**Task description:**
From the records that follow, return exactly the lines beginning at the one that contains "Inbjudan dina gäster" and ending at the one that contains "大根にすっと竹串が通れば、で", pictures left out.

**Dataset excerpts:**
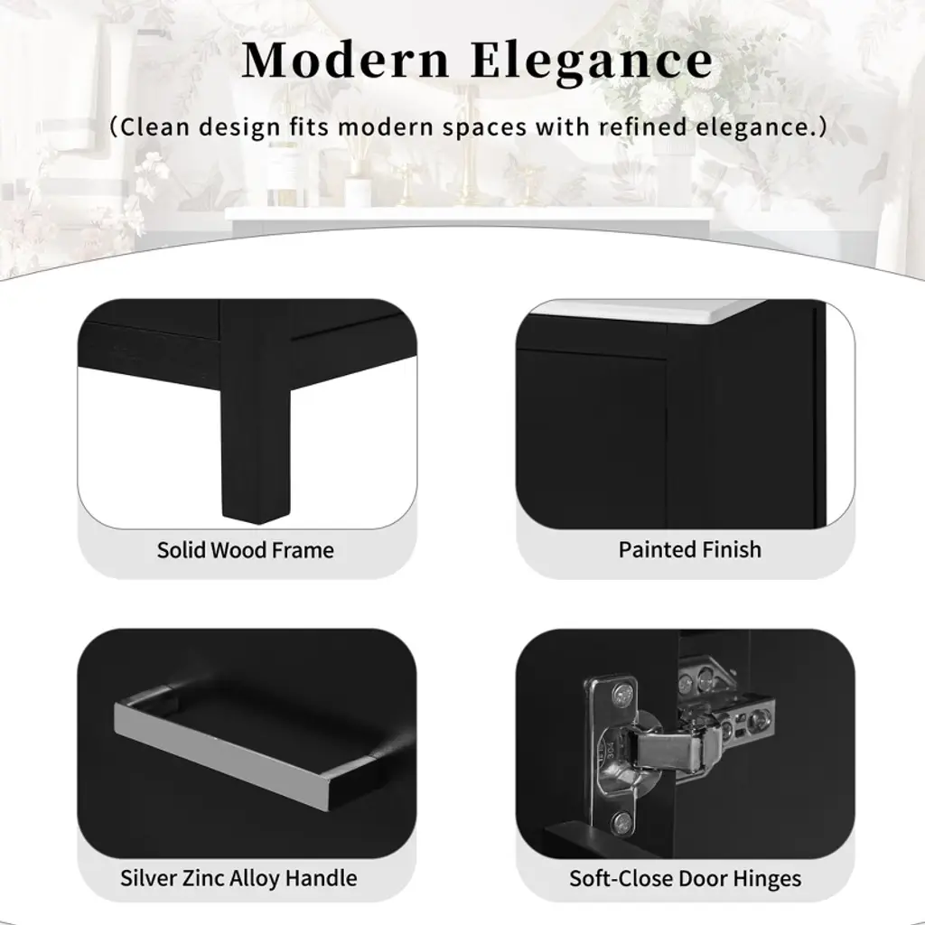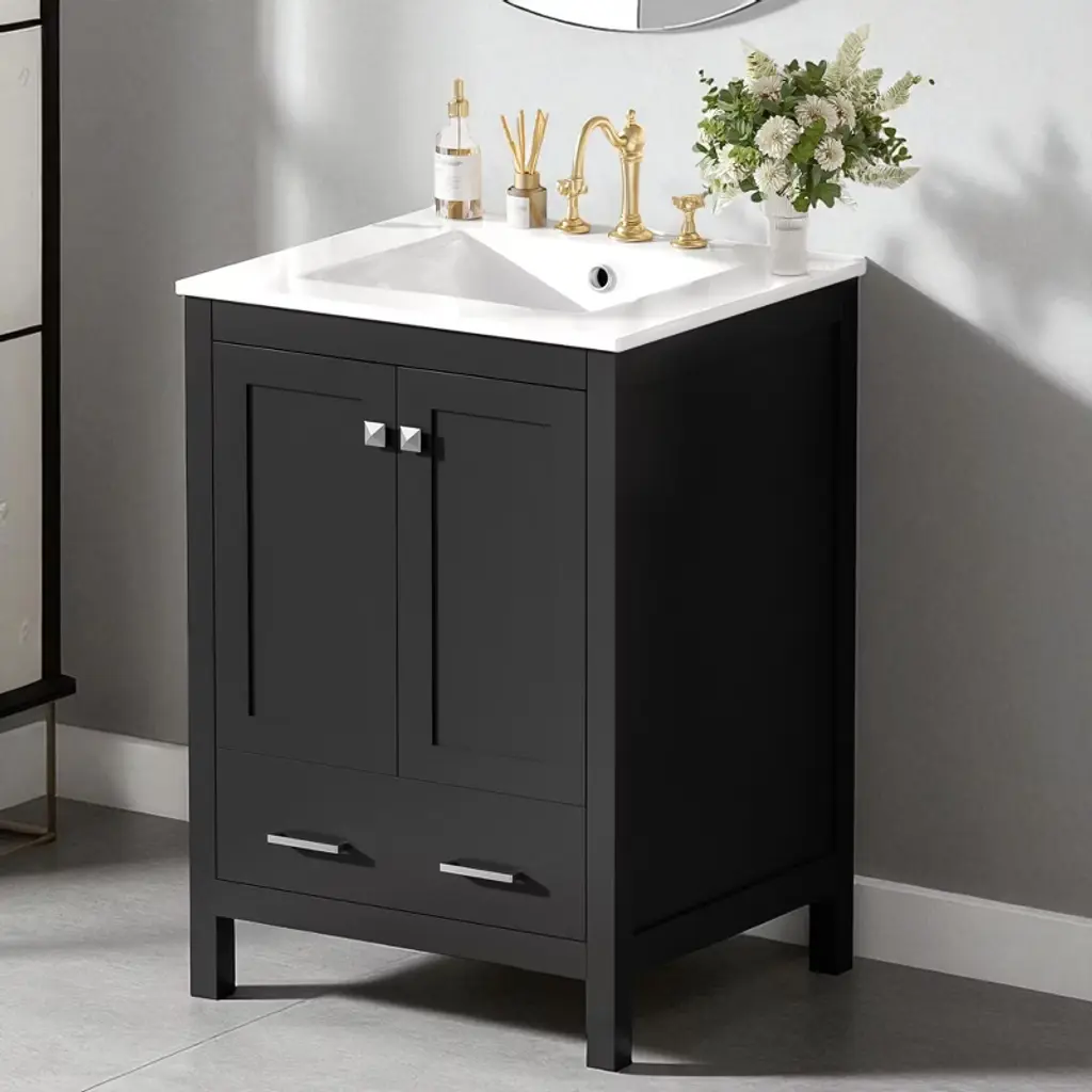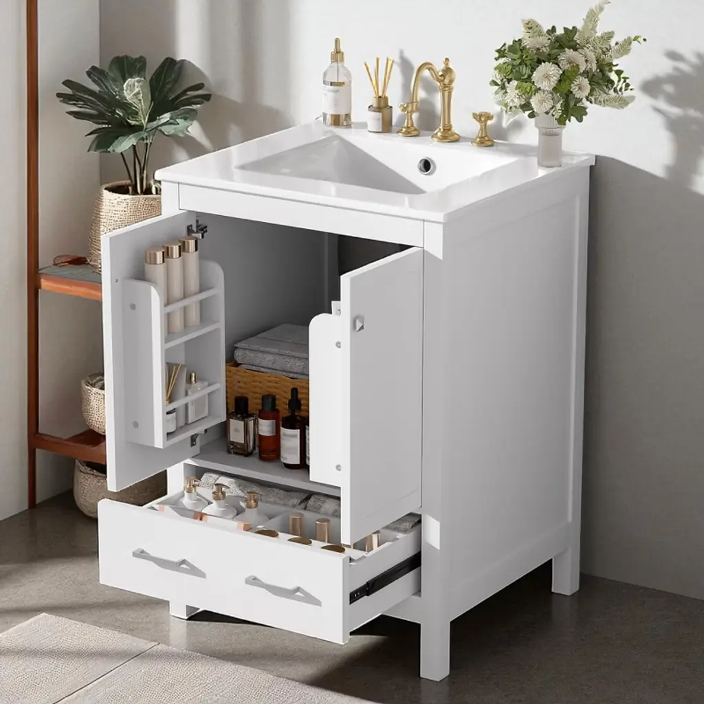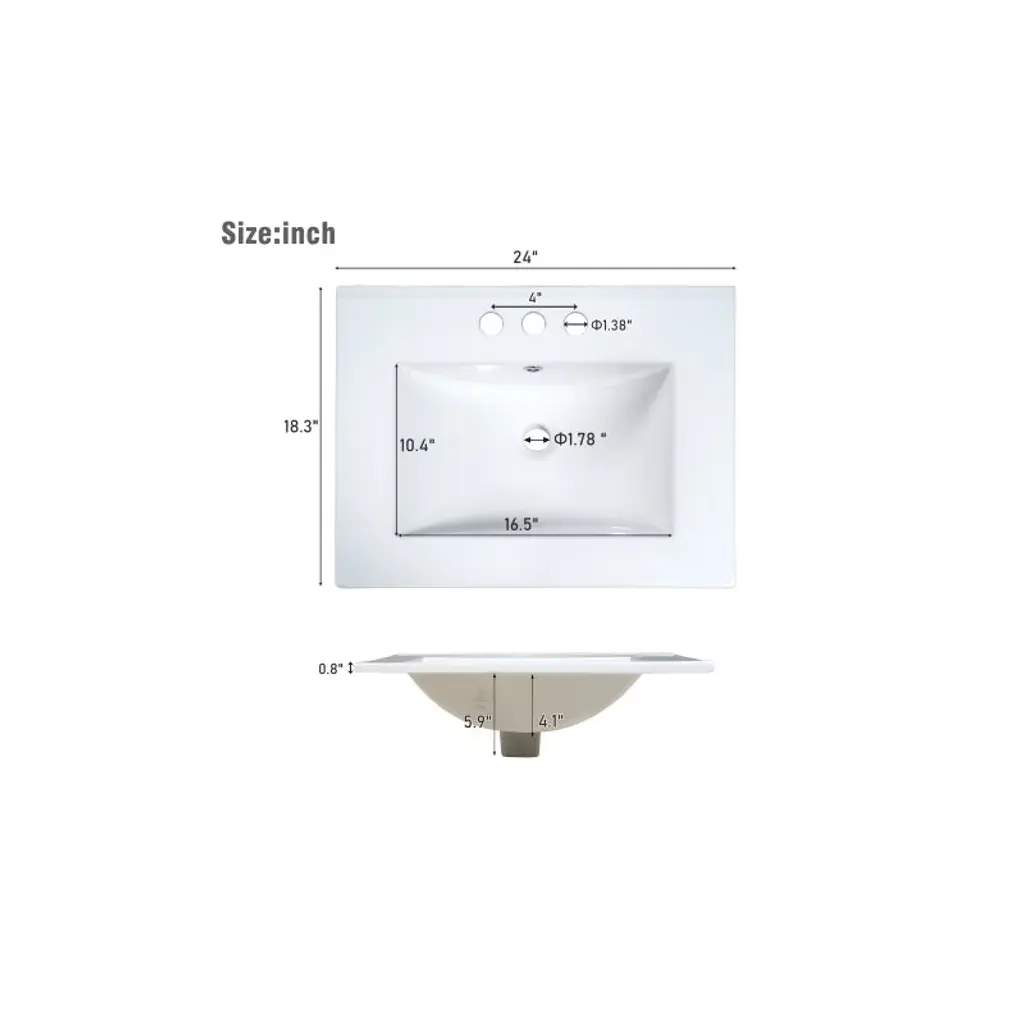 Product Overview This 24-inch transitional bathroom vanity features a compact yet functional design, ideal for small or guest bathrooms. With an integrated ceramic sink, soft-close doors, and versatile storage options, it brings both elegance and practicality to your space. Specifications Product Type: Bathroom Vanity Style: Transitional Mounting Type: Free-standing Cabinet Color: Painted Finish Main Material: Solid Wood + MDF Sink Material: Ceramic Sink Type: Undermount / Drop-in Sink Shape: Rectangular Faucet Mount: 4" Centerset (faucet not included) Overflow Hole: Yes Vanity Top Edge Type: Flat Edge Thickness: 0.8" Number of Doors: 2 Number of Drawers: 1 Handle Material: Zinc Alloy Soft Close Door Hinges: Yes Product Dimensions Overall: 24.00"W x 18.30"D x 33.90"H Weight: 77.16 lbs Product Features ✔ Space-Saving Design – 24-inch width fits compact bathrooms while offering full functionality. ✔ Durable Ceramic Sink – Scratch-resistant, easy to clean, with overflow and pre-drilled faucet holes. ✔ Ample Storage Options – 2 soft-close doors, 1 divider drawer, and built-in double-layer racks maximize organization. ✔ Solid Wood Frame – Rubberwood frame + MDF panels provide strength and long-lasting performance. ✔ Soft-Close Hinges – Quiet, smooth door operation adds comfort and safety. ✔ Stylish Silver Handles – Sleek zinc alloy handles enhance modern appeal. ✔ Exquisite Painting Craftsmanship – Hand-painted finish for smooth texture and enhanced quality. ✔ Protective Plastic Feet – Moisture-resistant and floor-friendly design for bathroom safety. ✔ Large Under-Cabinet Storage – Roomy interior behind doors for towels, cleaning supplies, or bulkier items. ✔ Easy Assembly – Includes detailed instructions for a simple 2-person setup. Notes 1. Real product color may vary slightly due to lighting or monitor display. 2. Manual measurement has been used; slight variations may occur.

* * *

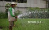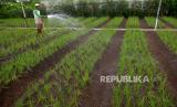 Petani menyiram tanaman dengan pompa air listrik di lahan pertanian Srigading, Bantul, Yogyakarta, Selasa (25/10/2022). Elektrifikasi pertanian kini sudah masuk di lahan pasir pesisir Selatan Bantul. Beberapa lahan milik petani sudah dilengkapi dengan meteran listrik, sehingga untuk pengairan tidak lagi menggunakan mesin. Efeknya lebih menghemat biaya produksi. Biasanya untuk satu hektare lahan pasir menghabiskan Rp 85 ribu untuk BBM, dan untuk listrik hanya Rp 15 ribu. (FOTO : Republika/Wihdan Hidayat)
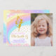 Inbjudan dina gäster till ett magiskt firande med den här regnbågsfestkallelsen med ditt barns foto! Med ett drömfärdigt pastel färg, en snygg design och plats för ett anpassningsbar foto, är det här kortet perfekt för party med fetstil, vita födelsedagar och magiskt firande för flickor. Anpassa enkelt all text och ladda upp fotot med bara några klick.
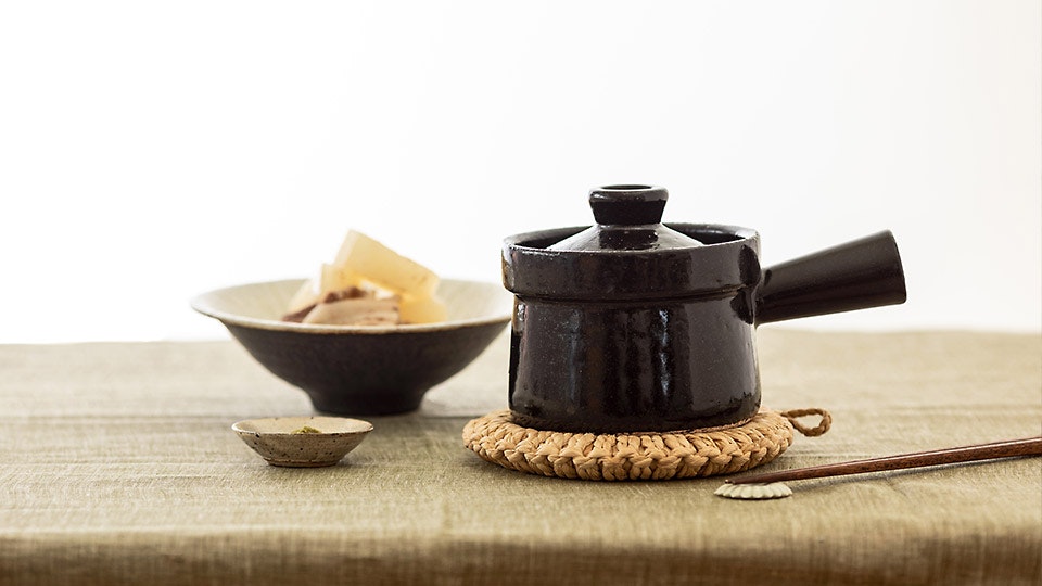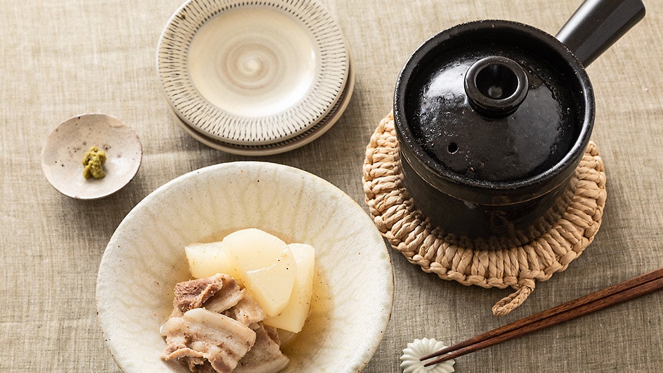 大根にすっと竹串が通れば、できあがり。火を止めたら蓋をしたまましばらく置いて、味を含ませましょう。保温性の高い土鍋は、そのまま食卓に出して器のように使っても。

**Written answer:**
 Inbjudan dina gäster till ett magiskt firande med den här regnbågsfestkallelsen med ditt barns foto! Med ett drömfärdigt pastel färg, en snygg design och plats för ett anpassningsbar foto, är det här kortet perfekt för party med fetstil, vita födelsedagar och magiskt firande för flickor. Anpassa enkelt all text och ladda upp fotot med bara några klick.
 大根にすっと竹串が通れば、できあがり。火を止めたら蓋をしたまましばらく置いて、味を含ませましょう。保温性の高い土鍋は、そのまま食卓に出して器のように使っても。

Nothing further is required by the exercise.